Saudi Arabia Declares Cease-Fire in Oil War
The new Saudi oil minister, Khalid Al-Falih, says the oil glut is over. That means the kingdom's war against U.S. shale producers is coming to an end, too. Who won it is a tough question to answer; on balance, it's probably the Saudis, but they have paid a huge price, and the surviving U.S. frackers have also benefited.
In September 2014, Saudi Aramco, the kingdom's state oil company, simultaneously increased output and discounts to Asian customers, making it difficult for producers with higher costs to compete. The U.S. shale industry responded with desperate bravado, cutting costs, perfecting technologies and pumping like crazy to avoid defaulting on its debts. Yet, according to Haynes and Boone's Oil Patch Bankruptcy Monitor, 81 North American oil and gas companies have filed for bankruptcy since the beginning of 2015. In Texas alone, there have been 41 bankruptcies, representing $24.3 billion in debt.
As a result, U.S. oil production has declined to late 2014 levels, while Saudi Arabia has defended and indeed increased its market share. Last year. it maintained its export volume to the U.S., while sales to China grew by 4.5 percent and to India by 18 percent.
The North American shale industry knows now that it's at the mercy of Saudi Arabia. The kingdom has more than two million barrels a day -- perhaps even three million if necessary -- of spare production capacity that it can use to flood the market again, drive down prices and render any ambitious American plans useless.

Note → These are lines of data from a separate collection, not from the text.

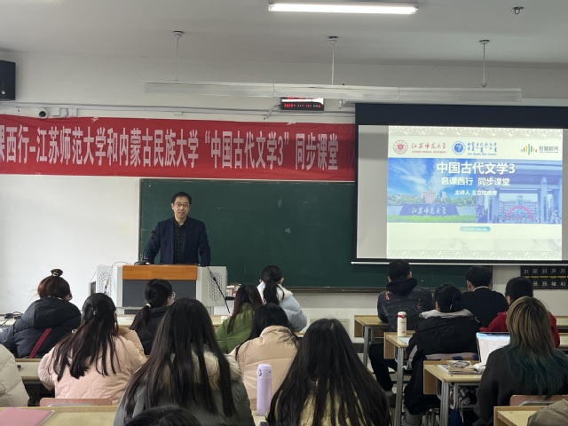 11月14日下午,江苏师范大学文学院与内蒙古民族大学师生依托智慧树平台联合开展了“中国古代文学3”同步课堂第二次教学活动。本次活动由文学院院长王立增教授主讲,内蒙古民族大学王双梅老师、王若明老师与该校汉语言文学专业、汉语国际教育专业本科生远程参与。
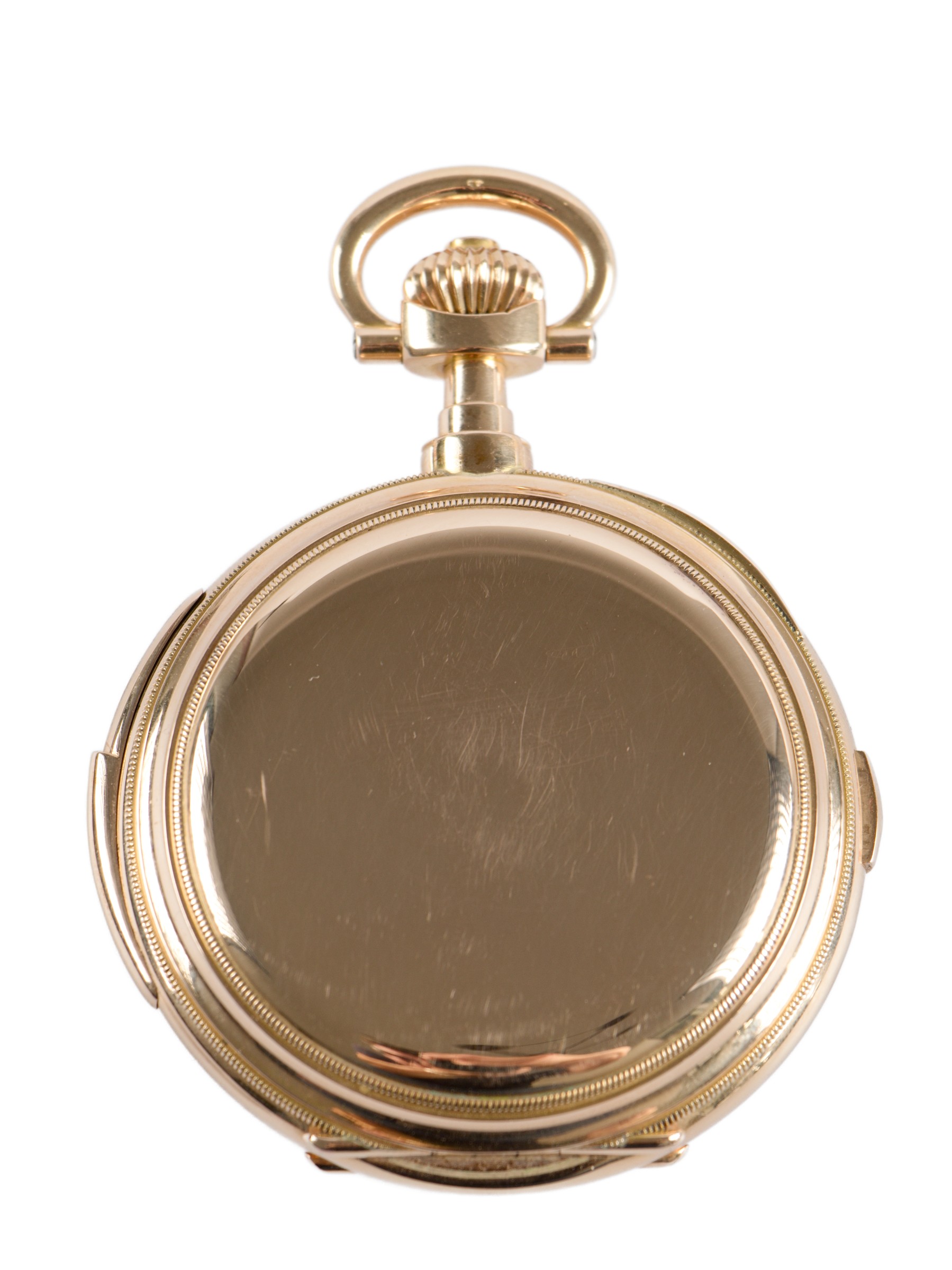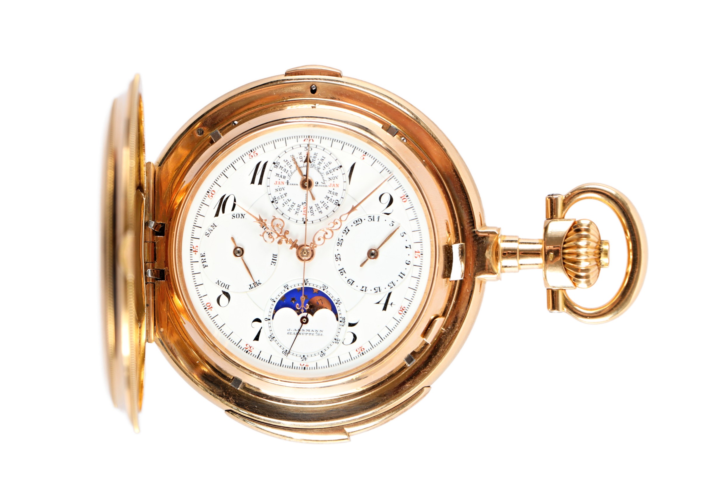 Německo, Sasko, Glashütte, Julius Assmann, okolo roku 1906, extrémně vzácné a mimořádně sběratelsky zajímavé kapesní hodinky s opakovacím minutovým bitím, kalendáriem a chronografem, raritní a extrémně masivní provedení tříplášťového pouzdra vyrobeného z 18-ti karátového zlata, značeno J. Assmann Glashütte, číslo 16953, bílý emailový číselník s arabskými číslicemi pro zobrazená hodin a minut, excentricky umístěné čtyři malé číselníky, nahoře s ukazatelem měsíce v roce - registr na 4 roky, vlevo umístěný číselník pro zobrazení dne v týdnu a vpravo pro zobrazení dne v měsíci, dole umístěný sekundový číselník s výřezem pro kotoučový ukazatel lunárních fází, chronograf s 30 minutovým sčítačem, číselník signovaný J. Assmann Glashütte I/SA., stroj s kotvovým krokem, signovaný J. Assmann Glashütte Sachsen No. 16953, zlatá kotva a stoupací kolo, mikroregulace, bimetalická kompenzační setrvačka, hřídele uložené v kamenech, šroubované šatony, minutový opakovací bicí mechanismus odbíjí do spirálového gongu, přiložena etue značená J. Assmann Deutche Anker – Uhnen – Fabrik Glashütte i/S., certifikát, celková hmotnost hodinek cca 220 g, výška s ouškem 86,8 mm, průměr 60 mm, tloušťka 18,5 mm.
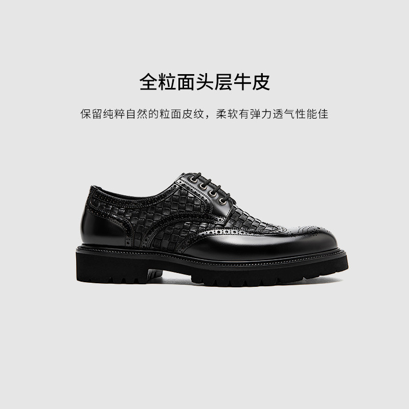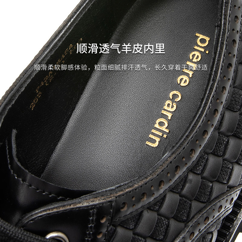 Pierre Cardin/皮尔卡丹25男编织拼接元素风布洛克鞋真皮皮鞋轻底
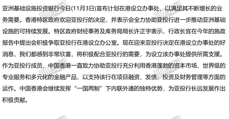 亚洲基础设施投资银行宣布计划在港设立办事处
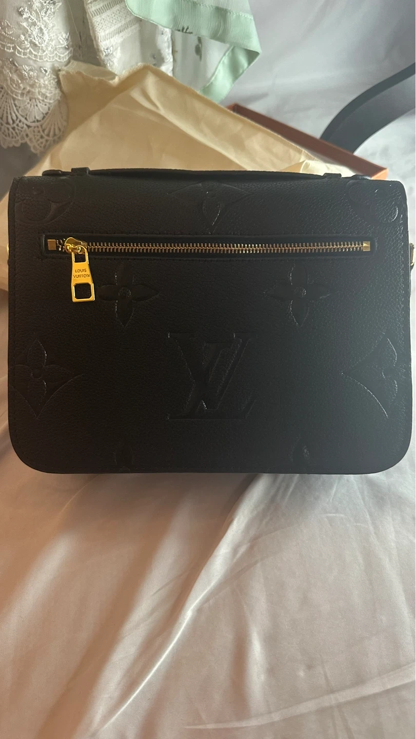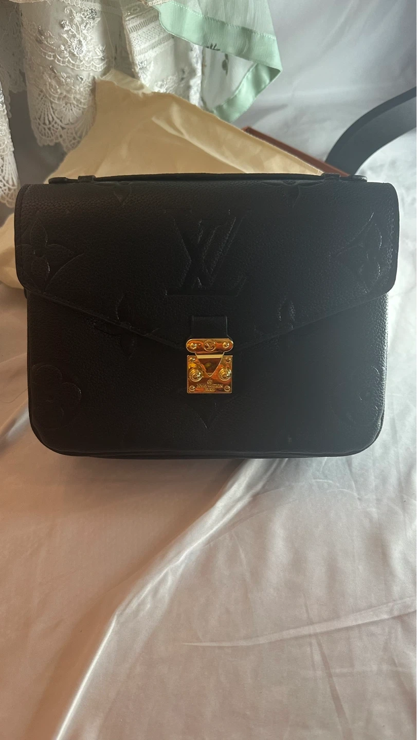 This is a Louis Vuitton black leather shoulder bag with an embossed monogram pattern. It comes with a detachable strap and includes the dust bag and box, with the paperwork of the bag.

Al-Falih takes a long-term view and expects the oil market to grow, not decline, in absolute terms in the next two decades, despite adverse changes in the energy mix. "Even if the share of oil goes down from, say, 30 to 25 percent, 25 percent of a much bigger global demand means a much higher absolute number of barrels that will be in demand by 2030 or 2040," he told The Houston Chronicle. So it makes more sense to fight for long-term market share rather than a momentarily high price. In that regard, the Saudis have won the oil war.
The repercussions and costs of this victory, however, are harsh. The monetary loss is the most obvious one: At its current output level of 10.2 million barrels a day, Saudi Aramco is making $600 million a day less than if the oil price had stayed above $100 a barrel. The U.S. shale business is missing out on about as much revenue, considering it has lost 1 million barrels a day of production compared with its peak, but the U.S. economy has, on balance, benefited from lower oil prices, while the Saudi one has suffered because it's almost entirely oil-dependent. This is prompting the big policy rethink in Riyad. As Al-Falih, an ally of reform architect Prince Mohammed bin Salman, said in the Houston Chronicle interview, "nobody has the intention of turning off the oil economy in Saudi Arabia. We're trying to build it up. But what we hope while we're doing this is the non-oil economy will grow even faster."
The Saudi victory is also hollower than it might be because some of the kingdom's competitors did not retreat -- on the contrary, they, too, boosted production. While private U.S. companies responded as expected to overwhelming market pressure -- they consolidated, worked on costs, cut investments or went belly up -- the Saudis' major competitor, Russia, redoubled efforts to pump as much oil as it could, because most of the production is concentrated in government hands and the government needed the revenue. Also, Iran, Saudi Arabia's perennial rival, got a free ride after international sanctions against it were lifted. With production costs not much higher than those for the Saudis, it ratcheted up production quickly, filling in for output drops elsewhere caused by the Saudi policy.
Saudi Arabia can live with these results of its war. The current price level of about $50 a barrel is acceptable, and Al-Falih admits that attempts to target specific price levels by regulating output have failed in the past. Russia and the surviving U.S. shale producers are not at death's door at this price point, either: The former's economic decline will probably end this year, and the latter can start making cautious plans for the future rather than fighting for survival.
The equilibrium is fragile: the market's rebalancing has been accelerated by unexpected disruptions that won't be permanent. So Al-Falih is signaling that his country won't tip the scale by increasing production. According to him, Saudi Arabia would like to "maintain that balance while also giving heed to moderate prices for producers and consumers."
Any number of accidents could disrupt this attempt to stabilize the oil price at the current level. Yet Saudi Arabia's willingness to accept $50 as the new normal should reduce volatility, making the market more boring for speculators but friendlier to oil producers and consumers.